Records from a collection

____________________

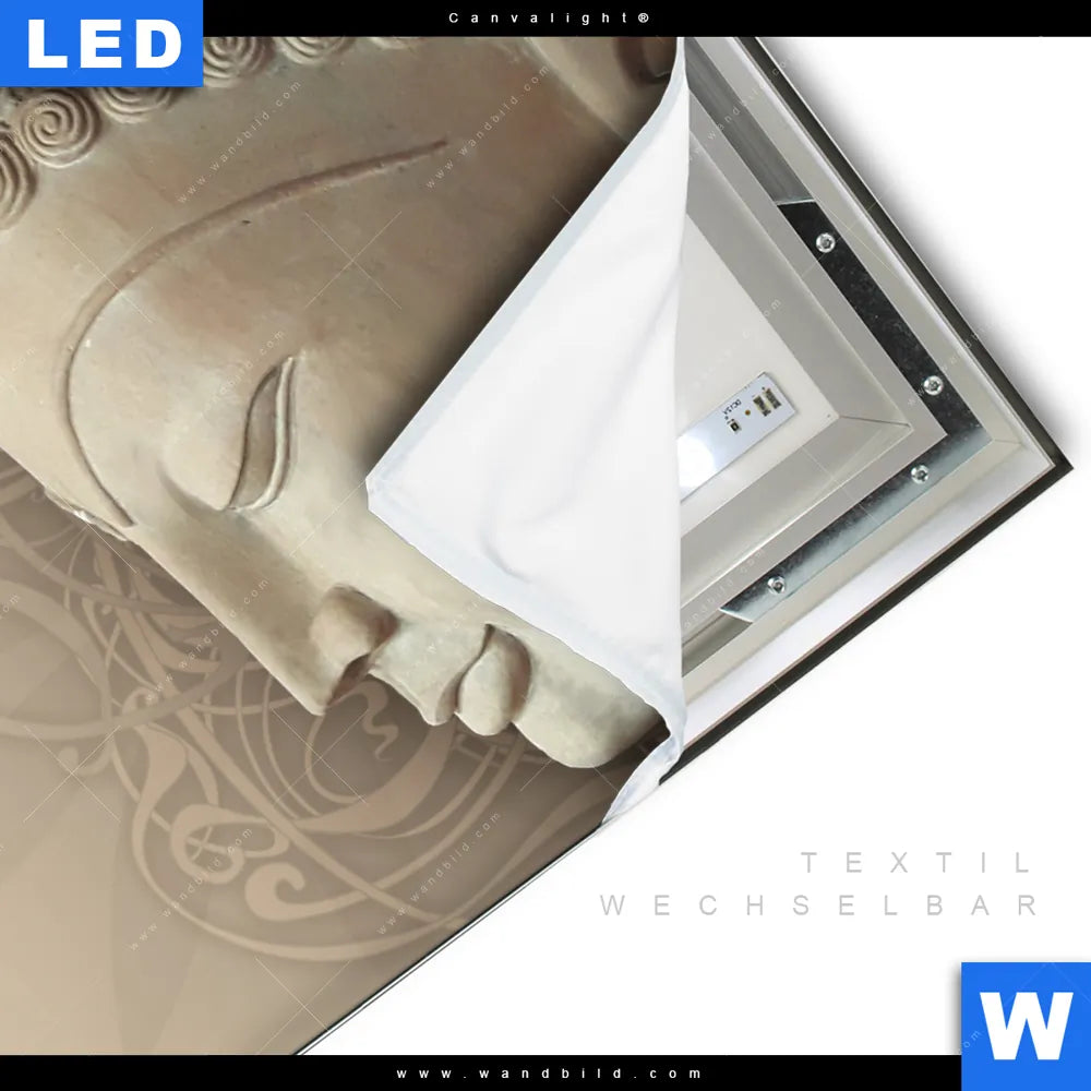 LED-Textilrahmen-Bild mit austauschbarem Buddha - Feng Shui Textil-Druck (Wechselbild)
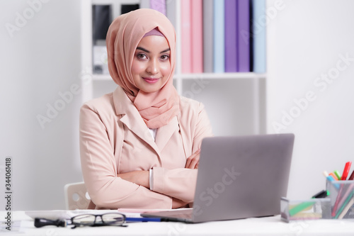 Confident Asian Muslim businesswoman in islamic dress working in office or workplace at company. business concept.
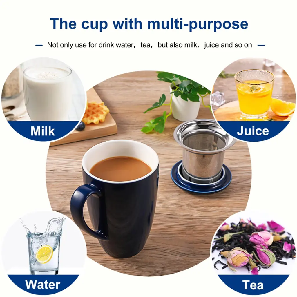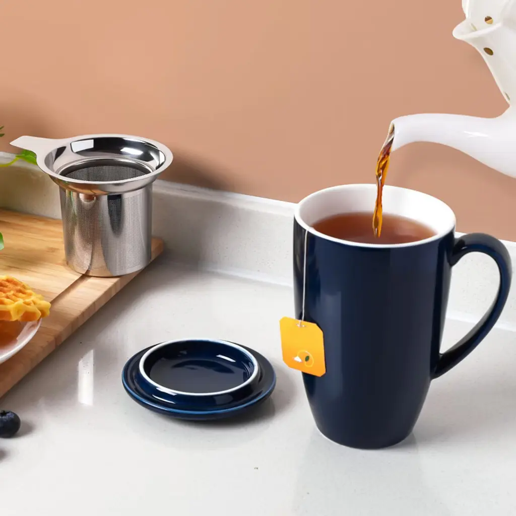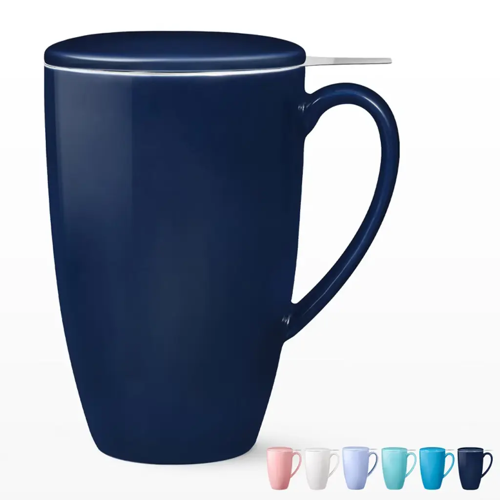 Enjoy your favorite hot drinks with the COZONY ceramic tea cup with removable infuser and lid, designed for brewing loose leaf tea, coffee, cocoa, or milk with ease. Its 16 oz capacity makes it perfect for daily use, while the microwave-safe and durable ceramic construction ensures both convenience and long-lasting quality. Featuring a stylish lid to retain heat and a fine mesh infuser for a smooth brew, this tea mug is an ideal choice for home, office, or as a thoughtful gift for tea lovers.
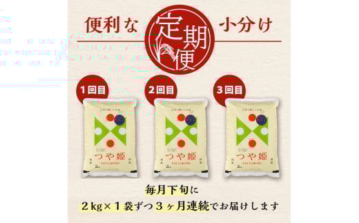 - ≪3ヶ月定期便≫ 無洗米 つや姫 2kg×3ヶ月連続 計6kg 特別栽培米 山形県庄内産 酒田倉庫 SA SC0659
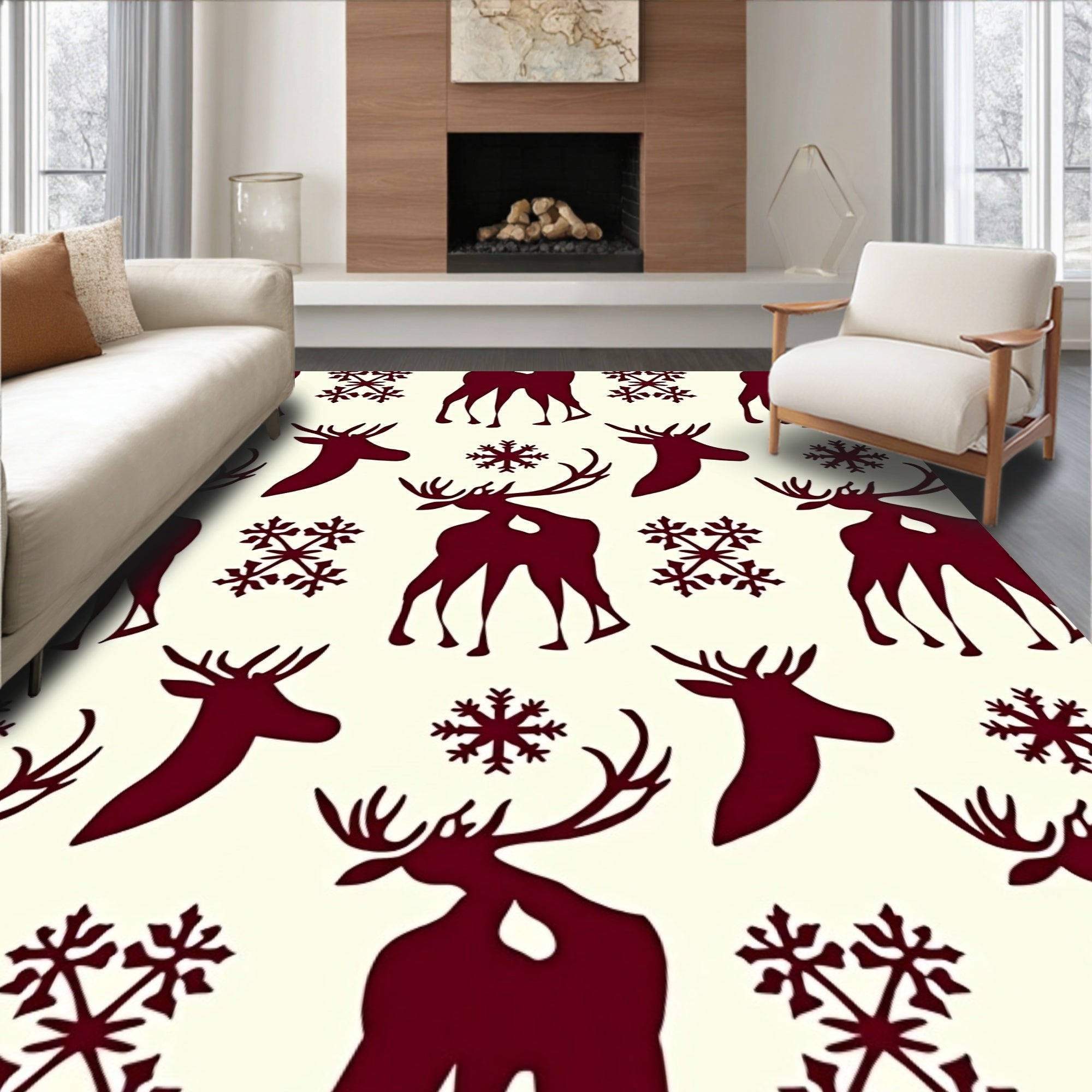 Festive Reindeer Area with Snowflake Motifs(Red)
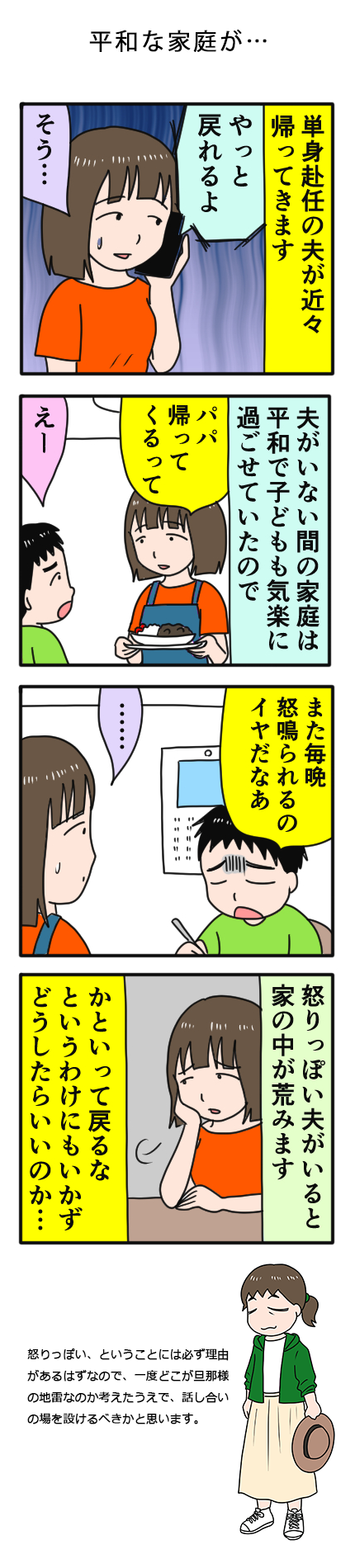 勿論「帰ってくるな」とは言えませんね。でも子どもが過ごしやすい家庭を作ることは親の義務。夫がむやみにキレないようにきちんと言い含める、それが無理なら離婚も辞さない覚悟でいるべきじゃないでしょうか。子どもの環境優先で考えてください。
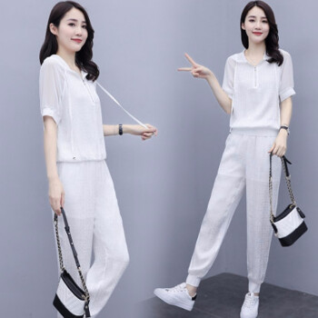 卿依瑟 卫衣套装女2020夏装新款减龄百搭薄款显瘦抽绳连帽纯色上衣卫衣女宽松大码九分裤两件套女潮 白色 M |
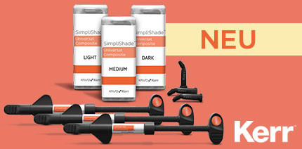 Mit nur drei Farbtönen deckt das neue SimpliShadeTM Universal Composite alle 16 VITA® classical-Farbtöne ab. Aufgrund der überzeugenden Produkteigenschaften gibt Kerr sogar eine Zufriedenheitsgarantie mit Rückgabeoption bei Nichtgefallen – auch bei geöffneten Packungen.
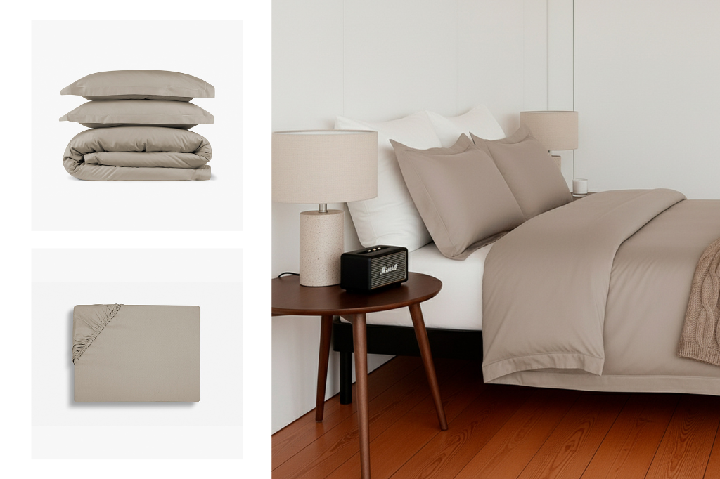 Vi presenterar en drömpalett för kollektionen Percale 400 Trådar. De nya tonerna Pale Blue och Latte för med sig lugn och sofistikation till sovrummet, utan att ge avkall på den komfort och kvalitet som definierar våra produkter. Dessa mjuka färger kombinerar en matt finish med Percales unika fräschör och erbjuder en verkligt lyxig sömnupplevelse.
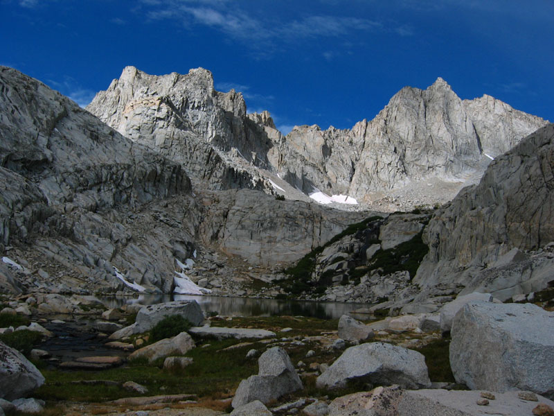 After repacking and trying to convince the downward-bound packer clients that those puffy clouds wouldn't STAY puffy (they packed away their rain gear) I headed up to Lake Reflection to scout around and drop off a cache of climbing gear and food. The cache wasn't really necessary, but it meant I'd be climbing with a smaller pack the next day and we wouldn't have to scout the route.
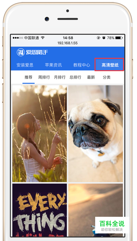 在移动设备浏览器中打开m.i4.cn,点击“高清壁纸”,点击自己喜欢的壁纸;
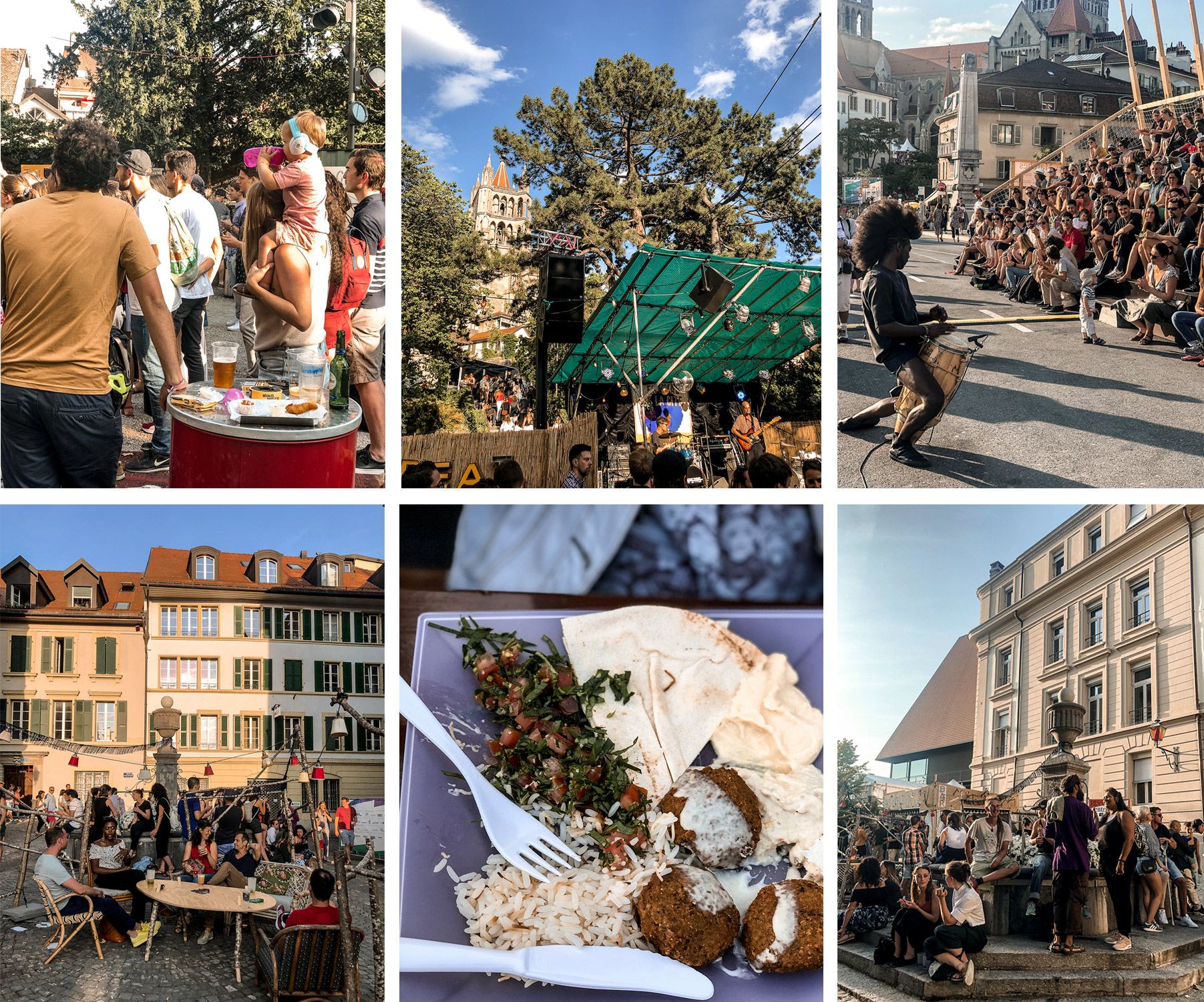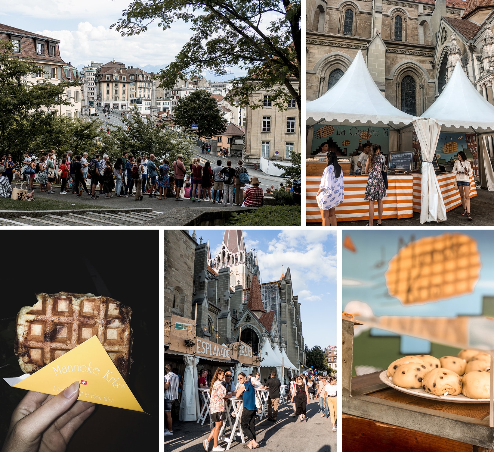 En plus d’être fort sympathique, ce festival qui se vit entre amis et en famille propose une multitude de petits coins fabriqués en bar palette et installées aux coins de la ville mais aussi des food trucks vendant de nombreuses spécialités culinaires. La zone principale de restauration se situe sur l’Esplanade de la Cathédrale, à l’entrée sud du Festival. On y trouve des burgers, des pizzas, des spécialités iraniennes, vietnamiennes, brésiliennes, libanaises etc mais aussi des glaces et les meilleures gaufres du pays! Comptez CHF 15/p pour un plat. En effet la gaufre « Manneke Kris » est une spécialité maison, de fabrication artisanale. La pâte ne contient que des produits de premium qualité. Sur ce festival, elle est cuite sous vos yeux et cette pâte se transforme en une gaufre ronde et caramélisée avec plusieurs parfums possibles comme la vanille, le chocolat, la cannelle… comptez CHF 6/p.

____________________

§ **PROBLEM TO WORK ON**
Only the lines from the start of the records to the line with "Confident Asian Muslim" belong in the copy. Print them exactly, minus pictures.

§ **RESULT OF THIS TASK**
 LED-Textilrahmen-Bild mit austauschbarem Buddha - Feng Shui Textil-Druck (Wechselbild)
 Confident Asian Muslim businesswoman in islamic dress working in office or workplace at company. business concept.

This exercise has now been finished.